I write a lot about people finding ways to live their lives, make a living and communicate with their friends without regard for the wishes of the control freaks who claim authority over us. Frankly, and happily, there's a lot of material with which to work. I'm convinced there's reason to be optimistic about a future that's reasonably friendly to libertarians — not because policy is necessarily moving in our direction (it is in some ways, and very much isn't in others), but because all signs point to a sizable portion of the population inclining to be free with or without cooperative government policies, and there's a growing arsenal of tools to help freedom-minded types achieve their goals.
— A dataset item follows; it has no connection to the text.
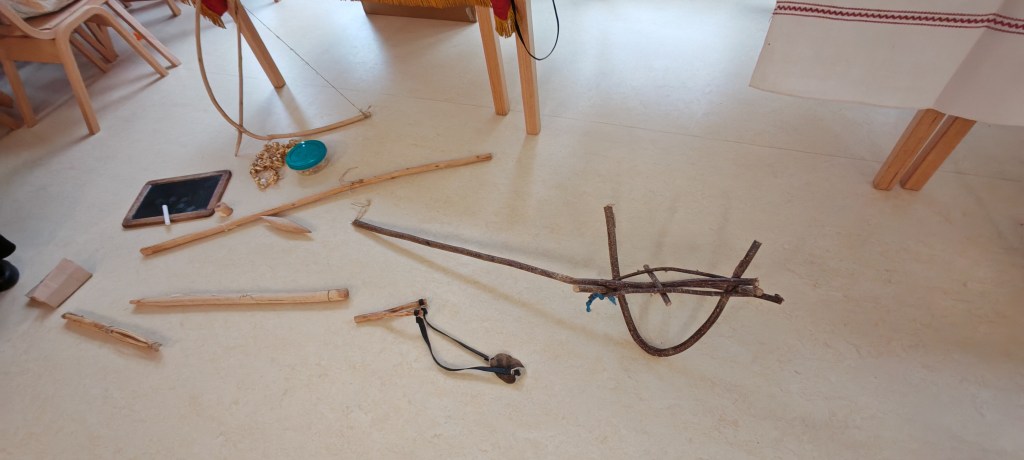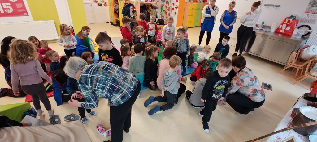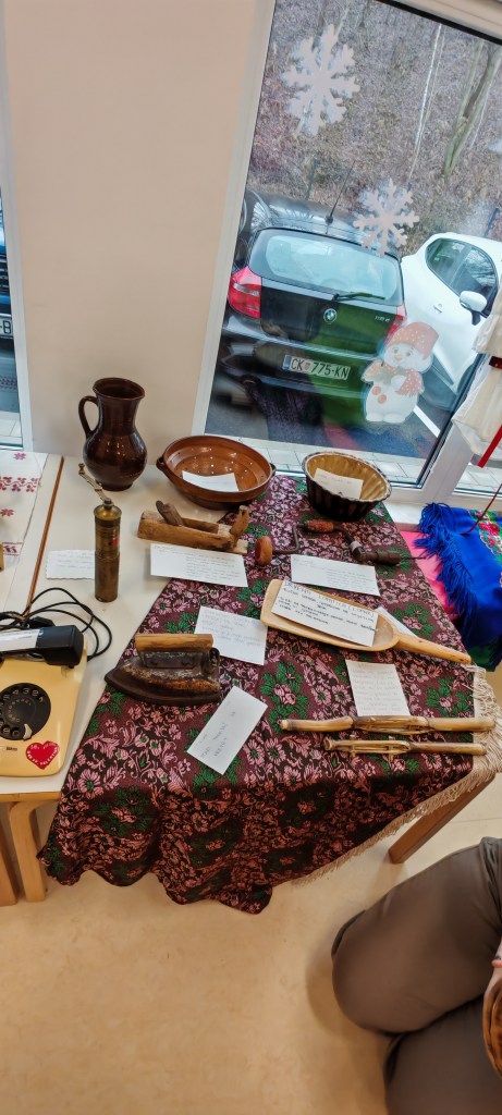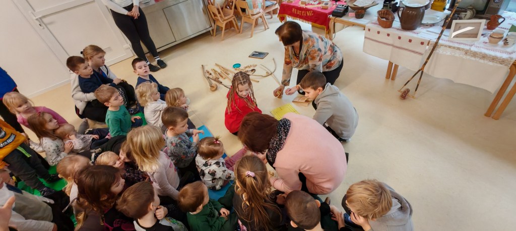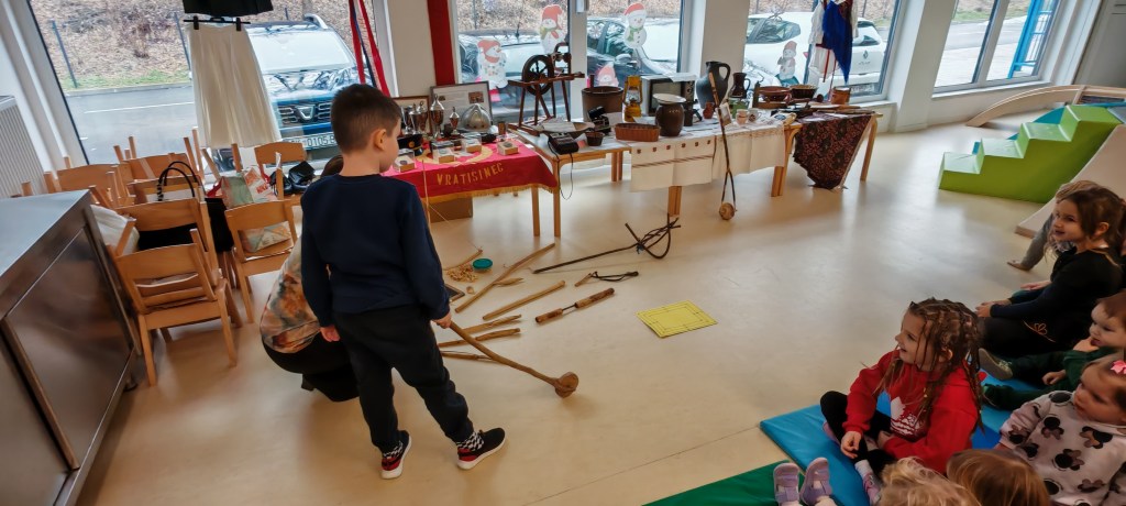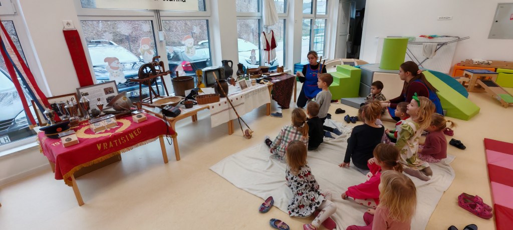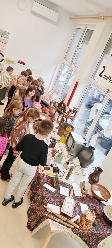 Cijelu izložbu i manifestaciju zaokružili smo druženjem s članicama Društva žena iz Gornjeg Kraljevca koje su nas posjetile u utorak, 03.02. Svojim bogatim iskustvom i znanjem predstavile su djeci razne igračke iz starijih vremena. Bila su tu igrala za bincekovanje, mlinčekovanje, goslice od kukuruzovine, praćke, sanjke od pruća, luk i strijela, puškolec,…Djeca su s velikim zanimanjem slušala kako su te igračke nastale, tko ih je izrađivao, čemu su služile, te na kraju i svaku od njih i isprobala. Na kraju su naše gošće podijelile djeci prstenje od slame koje su same izradile.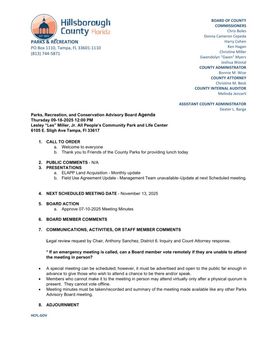 04-10-2025 -Parks Advisory Board Meeting Agenda

Recently, I've written about the growing ranks of Americans slipping out of sight of tax man and regulators to make their living in the shadow economy, and about the long and proud history of defiance of gun restrictions. However people vote, it's clear that many of us like to hold on to what we earn, own the means to defend our lives and our liberty, and do as we damned well please in our off-hours. Good for us.

I've also covered new technologies, like 3D and chemical printing, that promise to make bans on guns, drugs and other physical items unenforceable, and encryption that can put phone calls and text messages beyond the reach of the snoopiest government officials. Throw in Bitcoin and  developments that have slipped my mind or have yet to surface, and the ability to ignore and even undermine the state is gaining some powerful weapons.

It's not hard to imagine a near-future in which a growing part of the population works part-time or full-time off the books, in businesses that don't officially exist, making payments in crypto currencies to fulfill orders made through encrypted connections. This parallel world will involve people enjoying easy access to illicit but popular goods and services and living much of their lives shielded from official observation. It's not hard to imagine that world, because it's an extrapolation of what has always existed, made more attractive by stupid and intrusive laws, and more possible by evolving technology. That's a largely libertarian vision by default, no matter the actual ideas espoused by its no doubt diverse participants.

This doesn't mean that this outlaw-libertarian vision will be perfect or risk-free. Operating in the shadows and under the radar, its participants will risk arrest and whatever escalating array of penalties the Charles Schumers and Lindsay Grahams of the future choose to inflict on their non-cooperative subjects in a never-ending societal game of whack-a-mole. But it's a game that the control freaks will ultimately lose, because they always have, as their grasping efforts drive more people out of their reach, and as technology becomes more liberating.

A better alternative would be a future that's free de jure as well as de facto, where policies are friendly to individual autonomy and tolerant of personal freedom. That future may come to pass, but the libertarian-outlaw future certainly will.

You don't need to wait for this libertarian-outlaw world, because it's already evolving around you. And you can extract some priceless entertainment value from that fact by simply describing its inevitability, in vivid detail, to a control freak near you. Have fun.